59 thoughts on “CHARTS OF THE DAY

  1. Mark

    My feeling is that we are seeing history in the making.
    There are so many extreme financial political and social situations that you can almost feel it in your hands.
    At the moment 95% of the people are bearish on gold and commodities and bullish on the stock market and the dollar.
    This PM bear market is the worst in history (especially for mining stocks),and also the creation of fiat money is the largest EVER in human history.
    This combination is surreal because the price of gold should rise like a rocket in this environment.
    I don’t know what will happen beacuse we are entering uncharted territories,I only hope God will give me enough strenght to resist further after 4 years of financial destruction ( I own lots of PM mining stocks).

    1. Jorgy


      The fact that Gary’s “new blog” gets 100’s of comments per/post and not 1-10 tells me that sentiment is too damn high for gold to bottom. We haven’t seen extreme pessimism and capitulation in gold and their respective producers. Frankly, more wealth has been lost “picking bottoms” in secular bear or “picking tops” in secular bull markets. The mania phase of the equity market’s blow off top could last 12-24 months, the U.S. Dollar could rally 5 (+/-) years. Stay in cash until sentiment hits an extreme level and play the regression to the mean or snap back for huge % gains in a short period of time and you’ll outperform the market. 🙂

      1. Gary Post author

        Actually sentiment did hit a rare extreme in July with ony 12% bulls.

        The bottom line is that everything was set up for that to be a final bear market bottom but we needed the jobs number Friday to come in poor.

        If that had happened then everything would look very different than it does now. Gold would have rallied viciously back up, probably by 40-50 points and instead of dropping down into an ICL it would be back on it’s way up to confirm a right translated intermediate cycle.

        The trend for the last three months has been towards weak numbers so it was a good bet that the trend would continue. But since it didn’t we now have to look to the next jobs number to confirm a rate hike in Dec.

        Once the Fed starts to raise the dollar will probably top and gold will bottom.

        1. Jorgy

          The setup over the summer was good but the setup in the future will be much, much better since the USD’s next leg higher will continue to pressure commodity prices. Lower prices and demand for commodities will create a cascade of debt defaults and dislocations in $ denominated debt. It’s going to make the debt defaults from the previous cycle look like a picnic.

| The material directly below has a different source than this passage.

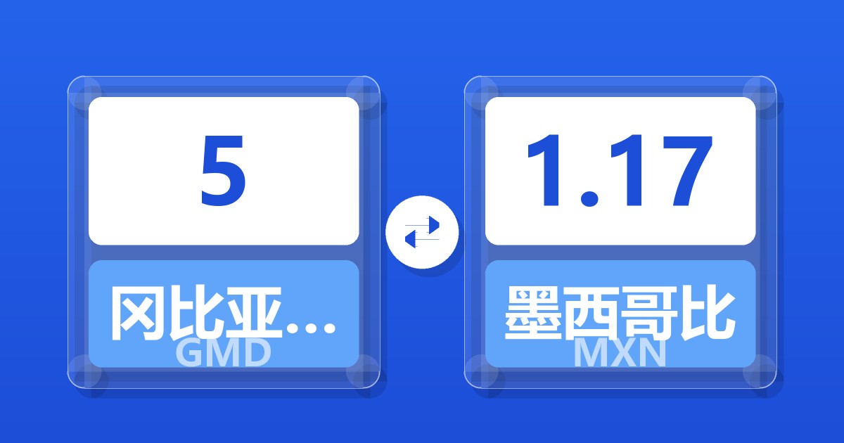 5 冈比亚达拉西 (GMD) = 1.17 墨西哥比索 (MXN)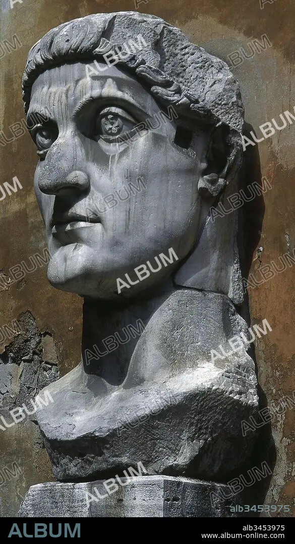 Colossus of Constantine the Great (280-337). Roman emperor. Head. White marble. Capitoline Museums. Rome. Italy.

          The bear will end when capacity is taken off line and producers go bankrupt wiping out equity holders not some technical price, sentiment or arbitrary Fibonacci level. Fundamentals not technicals will deside when enough is enough and the bear ends since the cure to low prices will be low prices. The commodity supercycle ended when Glencore IPOed back in May 2011. The bear market will more than likely end when they file for bankruptcy, not when the FOMC raises rates in December.

          The FED will make a policy mistake that they’ll have to reverse since it will create systemic dislocations in the currency and debt markets. The Bank of Japan did this when they tried to raise rates, but they didn’t manage the world’s reserve currency so the consequences of their error didn’t effect the global economy. Policy makers have made their bed… Now it’s time for them to lay in it! ?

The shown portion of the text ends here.